But Obama, whose top national security advisers met Thursday to review options for a response, including military action, also emphasized his desire to avoid “jumping into stuff that does not turn out well, gets us mired in very difficult situations” and may not comport with international law. He spoke during a CNN interview that aired Friday morning.
Among the options at Obama’s disposal are cruise-missile-armed U.S. naval assets currently in the Mediterranean. Speaking to reporters Friday during a trip to the Far East, Defense Secretary Chuck Hagel said that some of the options the Pentagon has prepared for Obama “requires positioning our forces, positioning our assets, to be able to carry [them] out,” the Associated Press reported.
Those options, including using cruise missiles to attack Syrian government bases or establishing a no-fly zone over parts of Syria, have been on the table for many months and have been publicly outlined by Gen. Martin E. Dempsey, chairman of the Joint Chiefs of Staff, and others. As recently as this week, Dempsey — who defense officials said is meeting this weekend with regional defense chiefs from the Middle East in a long-scheduled conference — said that none of those actions was likely to achieve U.S. goals of a democratic and stable Syria, and indicated that his own recommendation to Obama was to continue the current policy of humanitarian aid and efforts to bolster the opposition.

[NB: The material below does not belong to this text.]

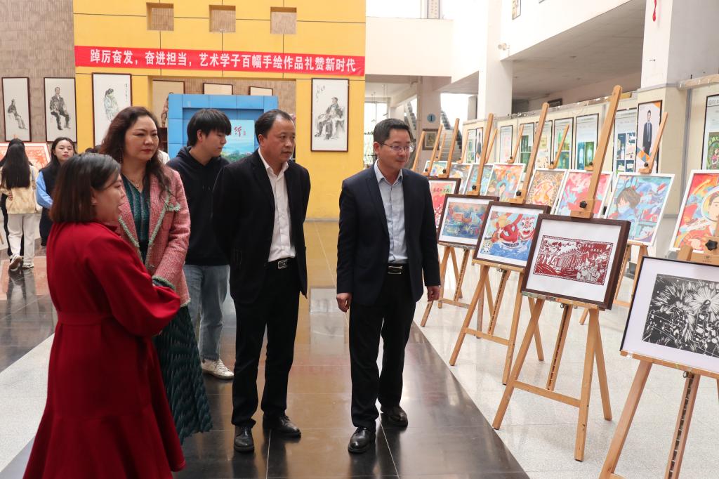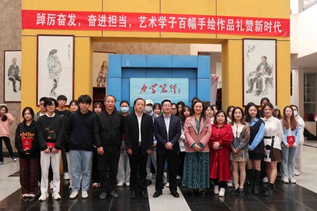 11月1日中午,一场以“踔厉奋发 奋进担当 长大学子百幅作品礼赞新时代”为主题的原创艺术作品展在长沙学院艺术设计学院丹青楼一楼大厅举行。长沙学院党委学生工作部部长徐远超,艺术设计学院党总支书记舒欣、院长胡友慧、党总支副书记黄慧瑾和师生代表出席了本次作品展并为获奖学生颁奖。

The administration has been in close contact with allies and partners from Britain to Turkey. U.S. officials have repeatedly indicated they would seek an international mandate or, at the very least, closely coordinate with partners.
For the moment, no action has been authorized and all options remain on hold awaiting confirmation of what the administration has said appears to have been a major chemical weapons attack by the Syrian government against dug-in opposition forces in the Damascus suburbs.
U.S. intelligence officials, who in June concluded that the Syrian government had used small amounts of chemical weapons in previous attacks, discounted reports Friday that the United States had detected movement at chemical storage sites before the Wednesday attack. The officials said they were not prepared to confirm or discount the new allegations.
“Assessments of this type can take time to develop,” one official said, speaking on the condition of anonymity to discuss intelligence matters.
Syria’s government has denied responsibility for any chemical attacks. Russia, its principal ally, has accused the opposition of staging Wednesday’s attack to discredit Syrian President Bashar al-Assad.